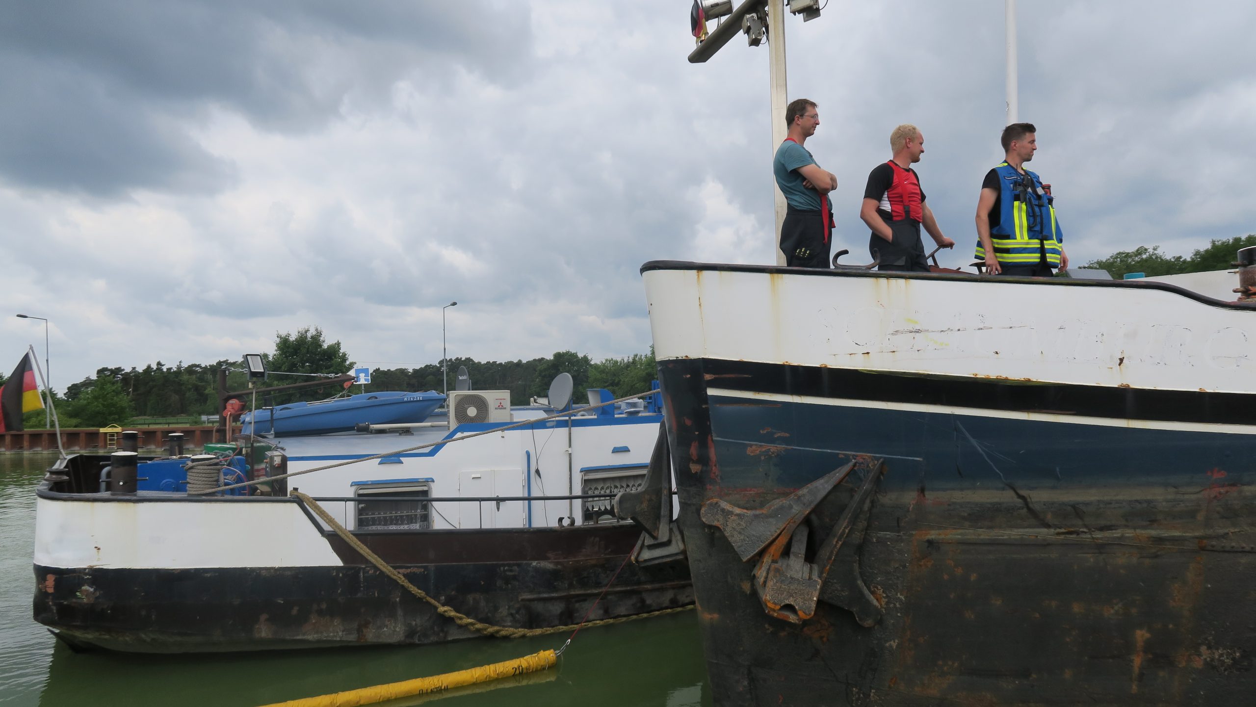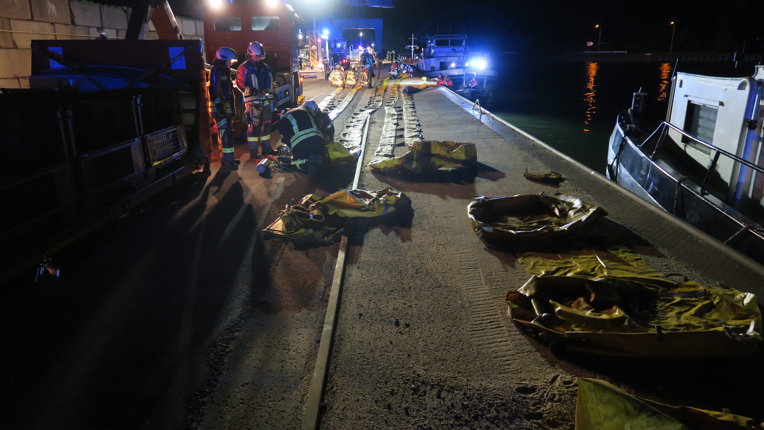Als Vorsichtsmaßnahme wurden Ölsperrschläuche um das Schiff ausgebracht, um möglicherweise austretende Schadstoffe aufzufangen.
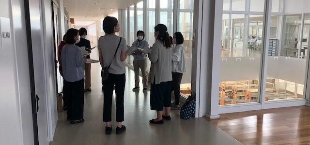 3階の美術室前の廊下から撮影しました。朝の8:15。各教室では朝の会が行われています。もみじ学級(特別支援学級)の生徒たちは、交流学級に入っていますので、その間を利用し、特別支援教育部の先生方は、特別支援教育コーディネーターの 坂井 先生を中心に打ち合わせを行っています。これは基本的に毎朝行われているルーティーンです。
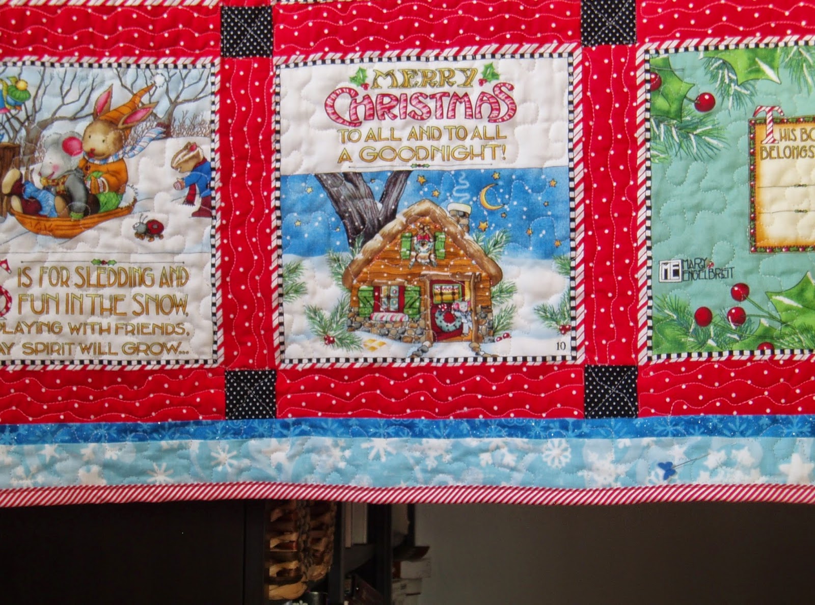 | For the quilting, I did some wavy lines in the red borders, X's in the black cornerstones, and meandering everywhere else. And I knew immediately that the binding would be candy cane stripes. |
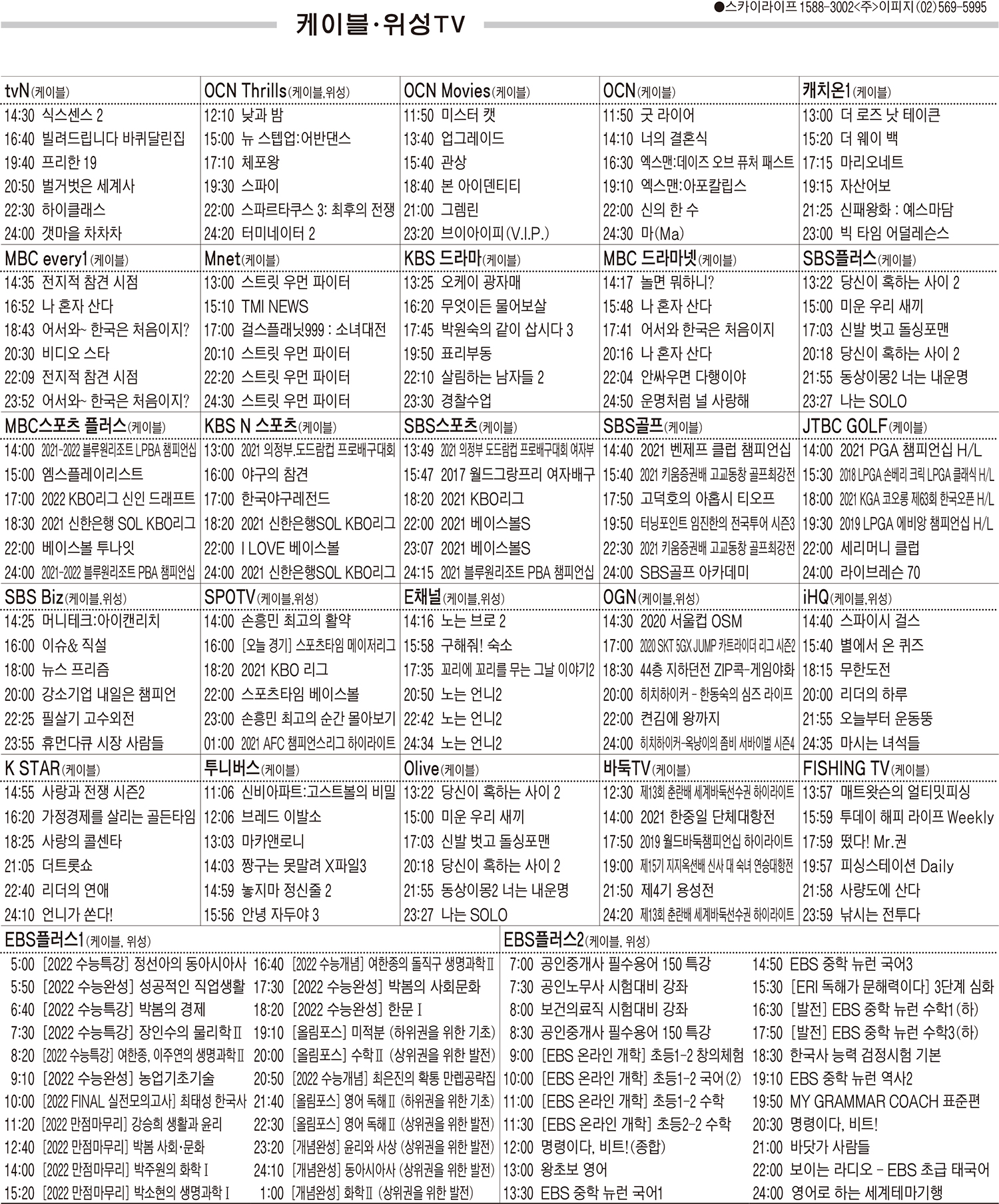 카카오톡 페이스북 트위터 전체 네이버밴드 네이버블로그 9월14일(화) 케이블·위성TV 편성표 박성희 기사 전체보기 영남일보(www.yeongnam.com), 무단전재 및 수집, 재배포금지 연예인기뉴스

■ ■ ■

Assignment
Everything from the line with "cane stripes. |" through the last line of the listing should be retyped exactly, with both end lines kept and the pictures left out.

Response to the exercise
 | For the quilting, I did some wavy lines in the red borders, X's in the black cornerstones, and meandering everywhere else. And I knew immediately that the binding would be candy cane stripes. |
 카카오톡 페이스북 트위터 전체 네이버밴드 네이버블로그 9월14일(화) 케이블·위성TV 편성표 박성희 기사 전체보기 영남일보(www.yeongnam.com), 무단전재 및 수집, 재배포금지 연예인기뉴스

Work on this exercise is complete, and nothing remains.